Frametail

Benchmarks

Create, inspect, run, and remove benchmarks over HTTP.

Benchmarks tie datasets and scorers to repeatable evaluation runs. These endpoints mirror what the TypeScript SDK exposes as Benchmark resource methods.

Base path: /api/v1/benchmarks. Authenticate as described in HTTP authentication.

List and create

List benchmarks

GET /api/v1/benchmarks

Returns JSON listing benchmarks visible to the authenticated project and organization.

Create benchmark

POST /api/v1/benchmarks

  • Body: JSON with at least the fields required by your workspace (for example name, dataset reference, and scorers configuration).
  • Returns: JSON describing the created benchmark, including its id for follow-up calls.

Single benchmark

Replace {id} with the benchmark id.

MethodPathPurpose
GET/api/v1/benchmarks/{id}Fetch configuration and status for one benchmark.
DELETE/api/v1/benchmarks/{id}Remove the benchmark from the project.

Start a run

POST /api/v1/benchmarks/{id}/start

  • Body: Optional JSON arguments depending on your evaluation setup (for example row subset, experiment flags, or runner options supported by the product).
  • Effect: Schedules or starts benchmark execution according to server rules and quota.
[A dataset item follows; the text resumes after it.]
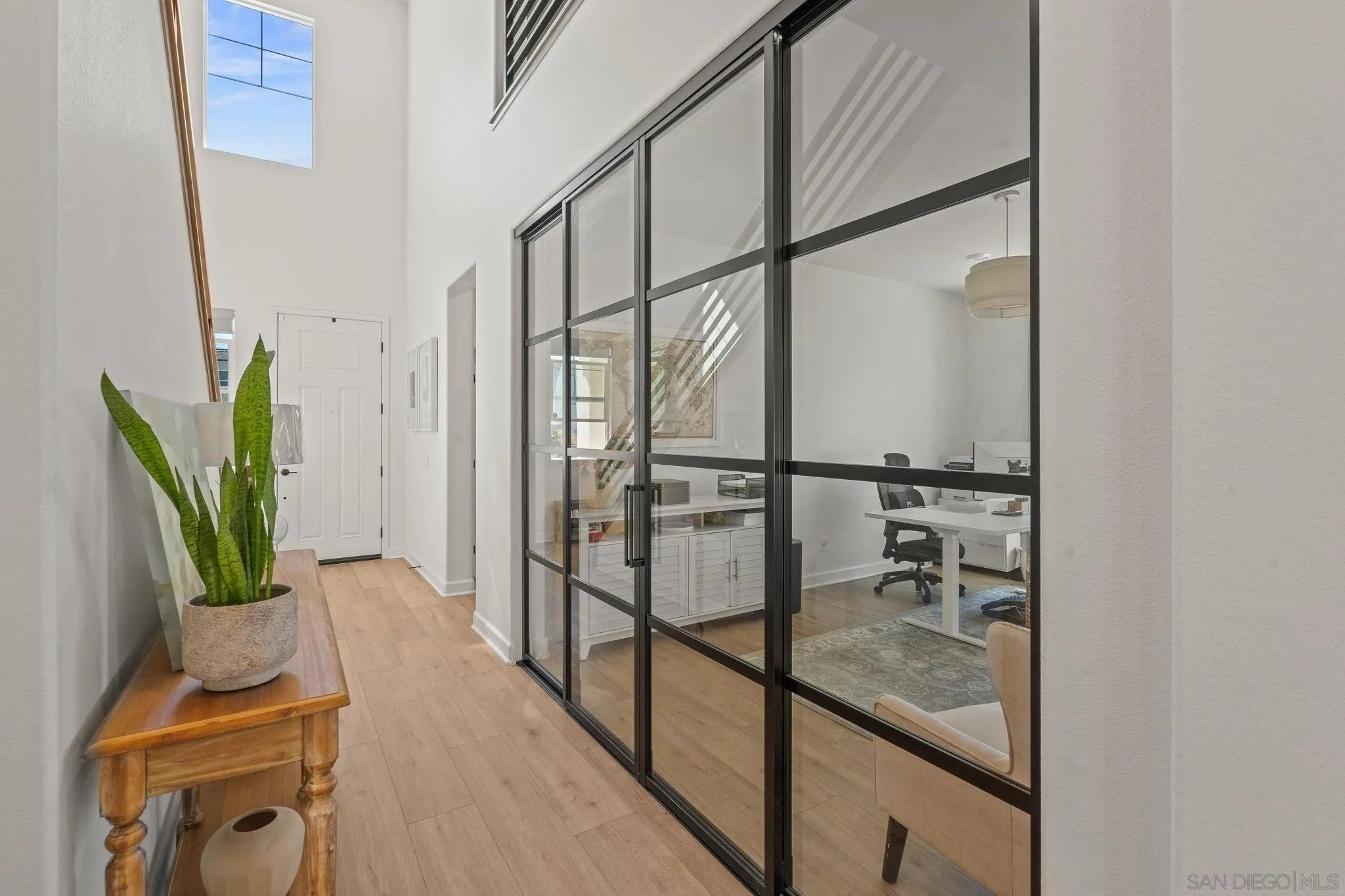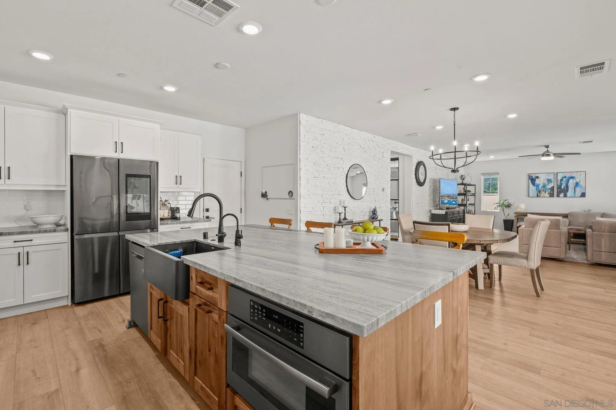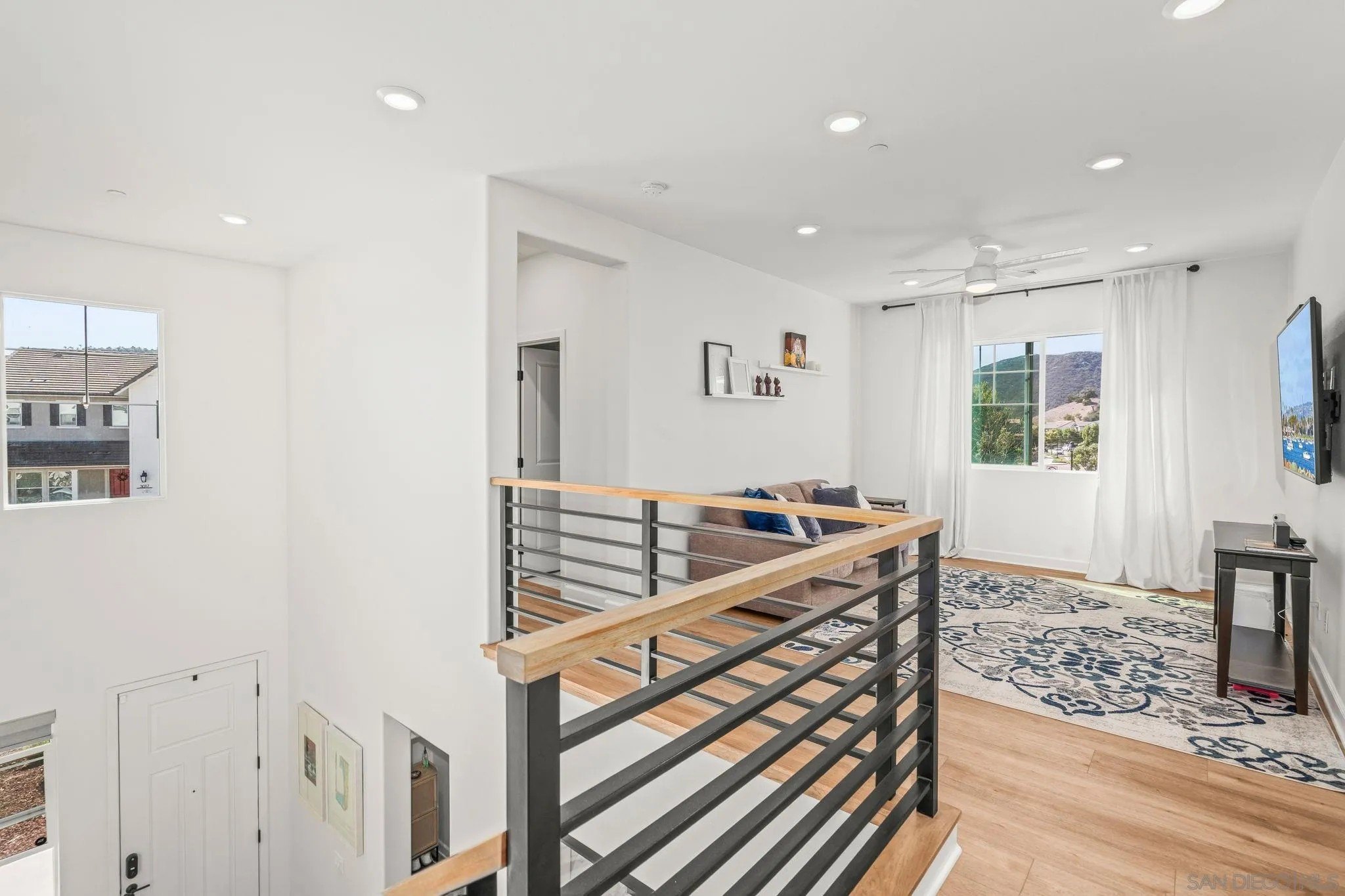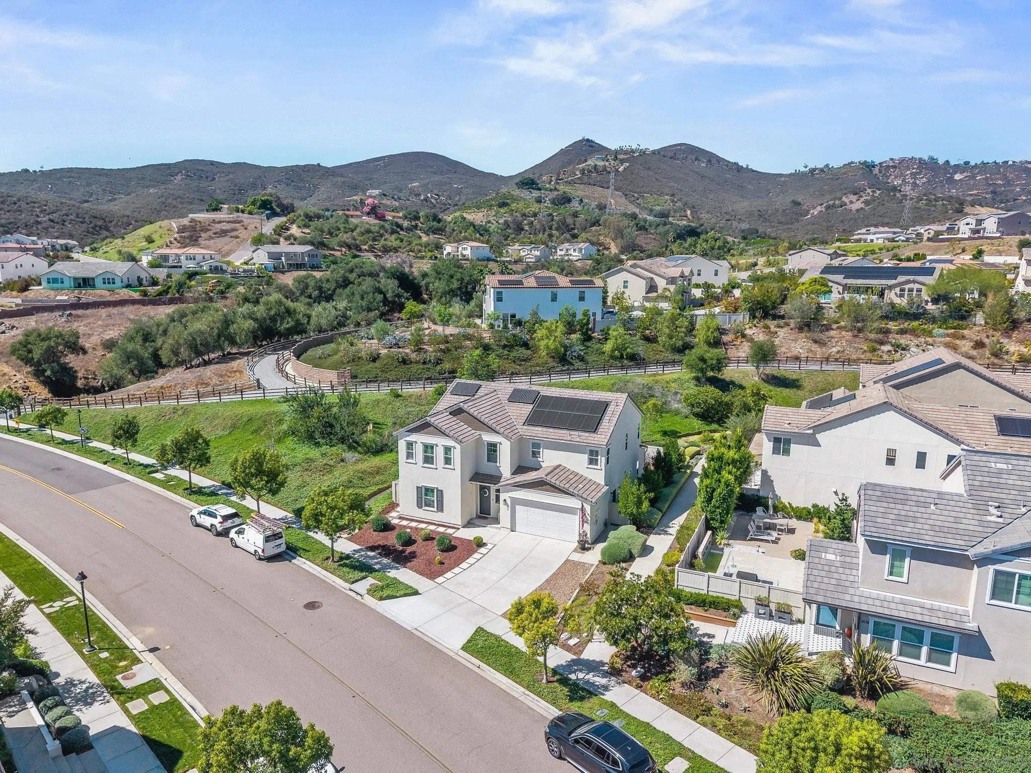 An expansive private driveway leads to 3012 Starry Night, a residence that delivers understated luxury & a true sense of escape. With no adjacent neighbors, the home offers exceptional privacy while still being moments from the vibrant energy of Harmony Grove. Inside, a freshly painted exterior opens to an impressive layout featuring four spacious bedrooms, a versatile loft, & a refined office. The great room anchors the home with its open flow into a chef's kitchen appointed with Bosch stainless steel appliances, an oversized island, abundant cabinetry, & a walk-in pantry. California sliding doors create a seamless extension to the backyard, inviting effortless indoor-outdoor living and peaceful hillside views for beautiful sunset dinners. The first-floor en-suite bedroom offers ideal privacy for guests or multi-generational living. Upstairs, the primary suite serves as a private sanctuary with dual walk-in closets, a spa-inspired bath, and an intimate balcony overlooking the surrounding hills. The loft adds yet another layer of flexibility for work, leisure, or retreat. With paid solar, 2 Tesla Powerwalls, smart thermostat, LVP floors, designer accents, & thoughtful enhancements throughout, this home embodies modern comfort at every turn. Harmony Grove elevates everyday living with resort-style amenities including pools, spa, clubhouse, playgrounds, and miles of scenic trails. 3012 Starry Night brings together privacy, elegance, & community in a truly exceptional setting.

Poll the benchmark GET route or inspect the tasks route below to monitor progress.

Tasks

GET /api/v1/benchmarks/{id}/tasks

Returns JSON describing outstanding and completed work units (tasks) associated with the benchmark run, suitable for progress UIs or batch orchestration.

Best practices

  • Idempotency: starting the same benchmark twice may enqueue duplicate work; guard with client-side locks or check status first.
  • Cost: benchmark runs can invoke generative models and scorers; monitor usage while iterating.
  • SDK: prefer Benchmark helpers for typed requests and consistent error handling.